Pfizer prevails in Norvasc patent suit
NEW YORK, Jan. 31 (UPI) — U.S. drug powerhouse Pfizer said Wednesday it has prevailed in its patent dispute with Synthon over the anti-hypertension drug Norvasc.
The company said that the U.S. District Court for the Eastern District of Virginia found Synthon obtained by inequitable conduct two U.S. patents alleged to cover a process and an intermediate compound used to make the top-selling drug's active ingredient.
Pfizer said the court issued a ruling that Synthon knowingly withheld from the U.S. Patent Office Pfizer publications and other information that described the process for which Synthon was seeking a patent.

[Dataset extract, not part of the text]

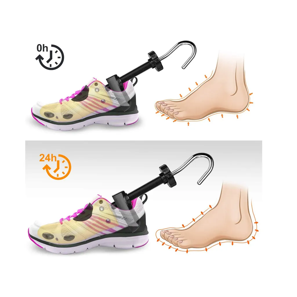 A cipőfeszítő eszköz segít a túl szoros és szorító cipők nyújtásában és beállításában. A hatás nem invazív és nem deformálja a cipőt. Használható sportcipőkhöz, tűsarkú cipőkhöz vagy papucsokhoz.

“It's very difficult to meet the standards for establishing inequitable conduct,” said Allen Waxman, an attorney representing Pfizer. “But in this case, it is clear that Synthon improperly used Pfizer's own published material to obtain a patent that it then tried to enforce against us.”
In the case, Synthon had charged that the process Pfizer uses to manufacture Norvasc infringed Synthon patents issued in 2003 and 2005, a process Pfizer said it has published and has used for 15 years.
In August 2006 Pfizer won another court judgment in the dispute that one of the two patents at issue was not infringed by Pfizer and was invalid, mainly because it was based on Pfizer's prior published work.
Synthon had dropped its claim of infringement on the second patent before trial, Pfizer said.